Vincenza Bertolino· 12 dicembre 2024· 6 min di lettura ·Bari
Cartellate disposte a forma di rosa su un piatto bianco, ricoperte di miele trasparente e filo di zucchero cristallizzato, con fondo sfocato beige
Preparazione
30 min
Cottura
20 min
Difficoltà
media
Porzioni
8 persone
Costo
medio
Stagione
autunno/inverno

Ingredienti

400 gFarina di grano tenero tipo 0
1 uovo interoUovo
80 mlVino cotto o mosto d'uva cotto
50 mlOlio extravergine d'oliva
20 gZucchero semolato
5 gSale fino
300 gMiele di acacia o millefiori
1 litroOlio di arachide per friggere
10 gZucchero cristallizzato per decorazione

Valori nutrizionali

380 kcalEnergia
5 gProteine
18 gGrassi
4 gdi cui saturi
50 gCarboidrati
32 gdi cui zuccheri
1 gFibre
0,1 gSale
Come si prepara
1
Preparare l'impasto
Versa la farina in una ciotola grande, fai un fontana e aggiungi l'uovo, il vino cotto, l'olio extravergine, lo zucchero e il sale. Impasta a mano per 8-10 minuti fino a ottenere un composto liscio e omogeneo, privo di grumi. Se l'impasto risulta appiccaticcio, aggiungi un cucchiaio di farina alla volta.
2
Riposo dell'impasto
Copri l'impasto con un canovaccio umido e lascia riposare a temperatura ambiente per 30 minuti. Questo passaggio rende la sfoglia più elastica e facile da stendere.
3
Stendere la sfoglia
Dividi l'impasto in quattro palline uguali. Stendi la prima pallina con il mattarello tra due fogli di carta da forno fino a ottenere una sfoglia sottilissima, quasi trasparente.
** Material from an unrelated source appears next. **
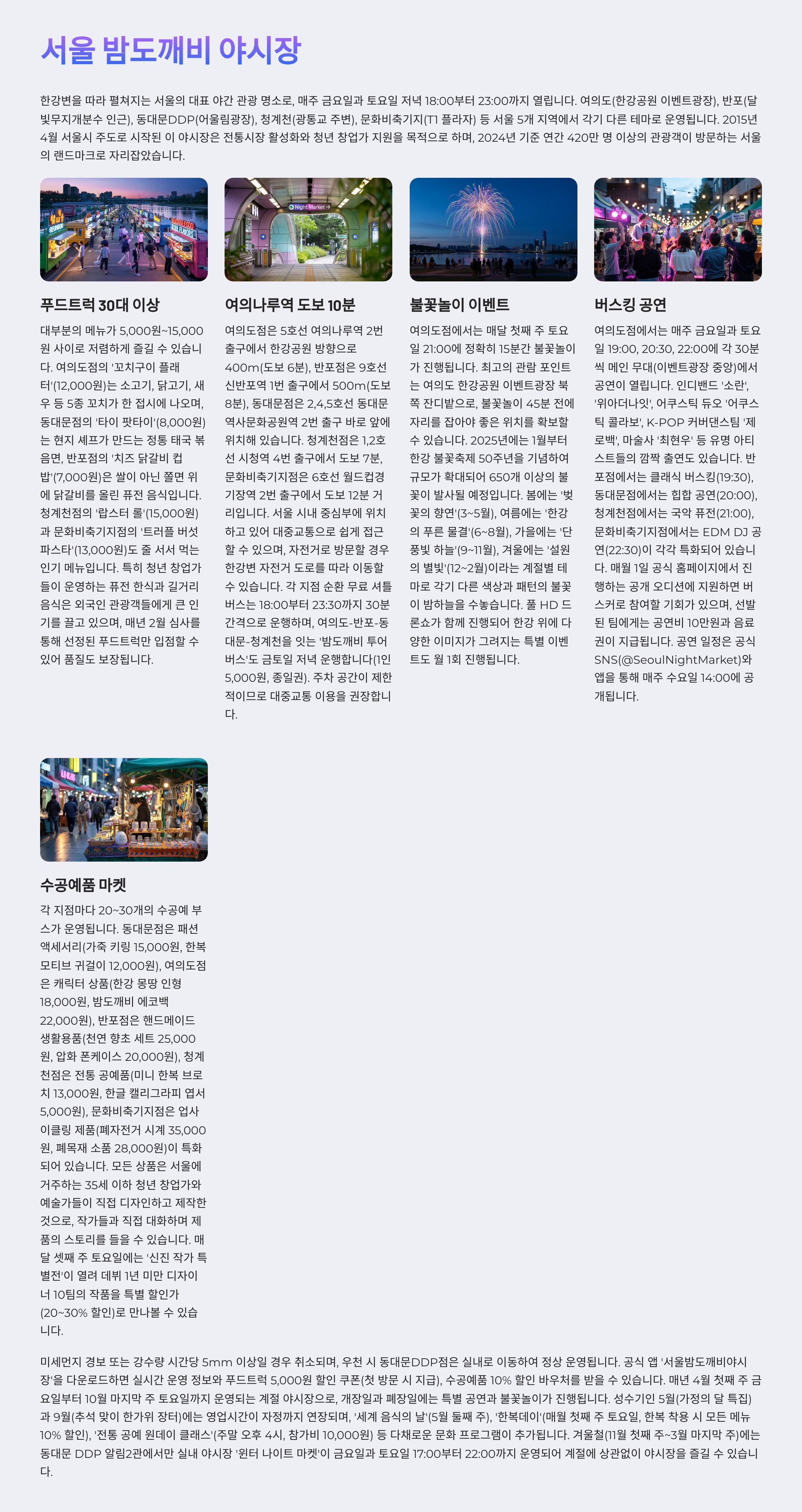 서울의 대표적인 야시장 중 하나로 한강 여의도 공원에서 열리는 ‘밤도깨비 야시장’은 이름처럼 금요일과 토요일 밤에만 깜짝 등장합니다. 푸드트럭이 30대 이상 즐비하게 서 있고, 글로벌 퓨전 음식부터 전통 분식까지 종류도 다양해요. 교통은 여의나루역에서 도보 10분 정도로 접근성 좋고, 가족 단위나 연인, 친구끼리 가볍게 나들이 겸 들르기 딱입니다. 불꽃놀이가 있는 날은 그야말로 환상적인 분위기!
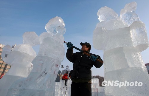 12月16日,新疆乌鲁木齐市人民广场,冰雕师傅正在抓紧时间雕刻一组表现新疆少数民族风情的大型冰雕作品。中新社发 刘新 摄

Lavora con movimenti dal centro verso i bordi, ruotando di 45 gradi ogni due passate.
4
Formare le rose
Ritaglia la sfoglia a rettangoli di circa 10 x 20 cm con una ruota da pizza o un coltello bagnato. Piega ogni rettangolo con delicatezza formando una spirale, partendo da un vertice e avvolgendo su se stesso, poi posiziona la rosa in pie'd'unità, con la punta della spirale verso l'alto. Ripeti con le altre sfoglie.
5
Friggere le cartellate
Riscalda l'olio di arachide a 175 °C in una padella profonda o in una friggitrice. Immergi le cartellate tre o quattro alla volta, friggendole per circa 1-2 minuti per lato, finché non diventano dorate e croccanti. Usa una schiumarola per girarle con dolcezza e non romperle. Estrai le cartellate e poggiavle su un piatto con carta assorbente.
6
Glassare con miele
Riscalda il miele in un pentolino a fuoco molto basso per 2-3 minuti, solo per renderlo più fluido. Non portarlo a bollore. Immediatamente dopo averle fritte, mentre le cartellate sono ancora calde, immergile rapidamente nel miele caldo, assicurandoti che ogni spirale sia ben impregnata. Usa un cucchiaio per aiutarti.
7
Raffreddare e decorare
Disponi le cartellate su un vassoio o piatto di vetro, ancora calde, e cospargile subito con lo zucchero cristallizzato. Lascia riposare almeno un'ora a temperatura ambiente perché il miele si assesti e la sfoglia diventi completamente croccante.

Gusto

Il vino cotto dà una nota aromatica profonda e leggermente dolciastra, che bilancia la croccantezza della sfoglia fritta. Il miele non è zucchero semplice, ma una dolcezza rotonda, quasi caramellata. Tradizionalmente si servono a temperatura ambiente dopo averle lasciate riposare almeno un'ora dalla fritura, in modo che il miele sia ben incorporato nella sfoglia. Abbinamento classico è con un passito dolce o un moscato, ma molti le consumano semplicemente con un caffè al mattino.

Benessere

L'errore da non fare

Non friggere l'olio a temperature troppo basse, altrimenti le cartellate assorbono troppo grasso e diventano ungherose anziché croccanti. Neanche friggere a temperatura troppo alta brucia la superficie senza cuocere bene l'interno. Il termometro è il miglior alleato: 175-180 °C è la giusta via di mezzo. Evita inoltre di immergere le cartellate nel miele freddo o appena tiepido, perché il contrasto di temperatura le fa irrigidire troppo velocemente invece che assorbirlo uniformemente.

I nostri consigli

Quando prepararla

Le cartellate sono tipiche della stagione autunnale e invernale, quando il vino cotto è facilmente reperibile e le preparazioni di dolci di conserva vengono riscoperte. Tradizionalmente si preparano per il periodo natalizio e di fine anno, ma nulla vieta di farle in qualsiasi occasione feriale di settembre fino a marzo. Se l'inverno non è troppo umido, la croccantezza si mantiene più a lungo.